■ **What the task asks**
In the entries below, find the line with "據(jù)經(jīng)銷商" and the line with "那么栅极驱动对阈值电压的差是". Return those two lines and all lines between them, exactly.

■ **Data for the task**
--

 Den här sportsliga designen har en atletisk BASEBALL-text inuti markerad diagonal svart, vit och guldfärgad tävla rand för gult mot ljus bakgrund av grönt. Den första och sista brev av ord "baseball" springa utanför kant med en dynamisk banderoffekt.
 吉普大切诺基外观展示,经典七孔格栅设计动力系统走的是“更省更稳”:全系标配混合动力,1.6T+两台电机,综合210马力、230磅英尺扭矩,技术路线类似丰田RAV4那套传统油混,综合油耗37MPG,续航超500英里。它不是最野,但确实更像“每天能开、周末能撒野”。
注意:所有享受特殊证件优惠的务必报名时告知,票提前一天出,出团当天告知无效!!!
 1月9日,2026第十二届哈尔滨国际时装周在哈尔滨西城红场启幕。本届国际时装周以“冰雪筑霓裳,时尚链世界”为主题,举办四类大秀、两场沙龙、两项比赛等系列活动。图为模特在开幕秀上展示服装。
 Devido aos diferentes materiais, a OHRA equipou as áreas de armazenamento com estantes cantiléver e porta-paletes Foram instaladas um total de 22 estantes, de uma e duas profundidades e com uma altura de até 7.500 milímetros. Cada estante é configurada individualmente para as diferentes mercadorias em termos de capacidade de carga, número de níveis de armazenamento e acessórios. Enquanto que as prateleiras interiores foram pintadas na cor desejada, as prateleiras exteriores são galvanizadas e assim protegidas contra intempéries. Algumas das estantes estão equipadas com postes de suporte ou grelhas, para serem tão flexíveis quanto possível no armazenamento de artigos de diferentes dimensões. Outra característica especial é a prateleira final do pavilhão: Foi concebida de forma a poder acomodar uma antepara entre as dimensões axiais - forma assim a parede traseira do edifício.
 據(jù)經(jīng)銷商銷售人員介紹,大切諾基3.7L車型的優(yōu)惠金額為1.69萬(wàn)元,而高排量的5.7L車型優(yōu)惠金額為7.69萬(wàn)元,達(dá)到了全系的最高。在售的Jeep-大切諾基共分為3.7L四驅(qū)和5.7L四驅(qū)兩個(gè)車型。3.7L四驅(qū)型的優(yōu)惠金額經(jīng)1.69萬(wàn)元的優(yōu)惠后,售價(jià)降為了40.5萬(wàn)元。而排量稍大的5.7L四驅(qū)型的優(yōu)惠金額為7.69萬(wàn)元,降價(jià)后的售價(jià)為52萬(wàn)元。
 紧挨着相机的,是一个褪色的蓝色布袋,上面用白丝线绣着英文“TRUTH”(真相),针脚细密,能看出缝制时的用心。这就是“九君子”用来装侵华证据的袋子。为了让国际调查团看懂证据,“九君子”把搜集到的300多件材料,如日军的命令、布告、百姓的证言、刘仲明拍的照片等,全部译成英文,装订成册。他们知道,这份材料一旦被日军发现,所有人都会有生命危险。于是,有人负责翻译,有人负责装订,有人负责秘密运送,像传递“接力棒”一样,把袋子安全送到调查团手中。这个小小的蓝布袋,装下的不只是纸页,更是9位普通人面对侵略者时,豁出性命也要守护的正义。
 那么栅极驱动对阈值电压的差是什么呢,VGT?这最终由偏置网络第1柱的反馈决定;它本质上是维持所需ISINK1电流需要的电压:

--

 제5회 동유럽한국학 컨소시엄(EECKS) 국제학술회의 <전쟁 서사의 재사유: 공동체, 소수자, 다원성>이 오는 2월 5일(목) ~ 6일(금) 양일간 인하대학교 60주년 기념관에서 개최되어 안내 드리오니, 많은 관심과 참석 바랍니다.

--

■ **Completed task**
 據(jù)經(jīng)銷商銷售人員介紹,大切諾基3.7L車型的優(yōu)惠金額為1.69萬(wàn)元,而高排量的5.7L車型優(yōu)惠金額為7.69萬(wàn)元,達(dá)到了全系的最高。在售的Jeep-大切諾基共分為3.7L四驅(qū)和5.7L四驅(qū)兩個(gè)車型。3.7L四驅(qū)型的優(yōu)惠金額經(jīng)1.69萬(wàn)元的優(yōu)惠后,售價(jià)降為了40.5萬(wàn)元。而排量稍大的5.7L四驅(qū)型的優(yōu)惠金額為7.69萬(wàn)元,降價(jià)后的售價(jià)為52萬(wàn)元。
 紧挨着相机的,是一个褪色的蓝色布袋,上面用白丝线绣着英文“TRUTH”(真相),针脚细密,能看出缝制时的用心。这就是“九君子”用来装侵华证据的袋子。为了让国际调查团看懂证据,“九君子”把搜集到的300多件材料,如日军的命令、布告、百姓的证言、刘仲明拍的照片等,全部译成英文,装订成册。他们知道,这份材料一旦被日军发现,所有人都会有生命危险。于是,有人负责翻译,有人负责装订,有人负责秘密运送,像传递“接力棒”一样,把袋子安全送到调查团手中。这个小小的蓝布袋,装下的不只是纸页,更是9位普通人面对侵略者时,豁出性命也要守护的正义。
 那么栅极驱动对阈值电压的差是什么呢,VGT?这最终由偏置网络第1柱的反馈决定;它本质上是维持所需ISINK1电流需要的电压:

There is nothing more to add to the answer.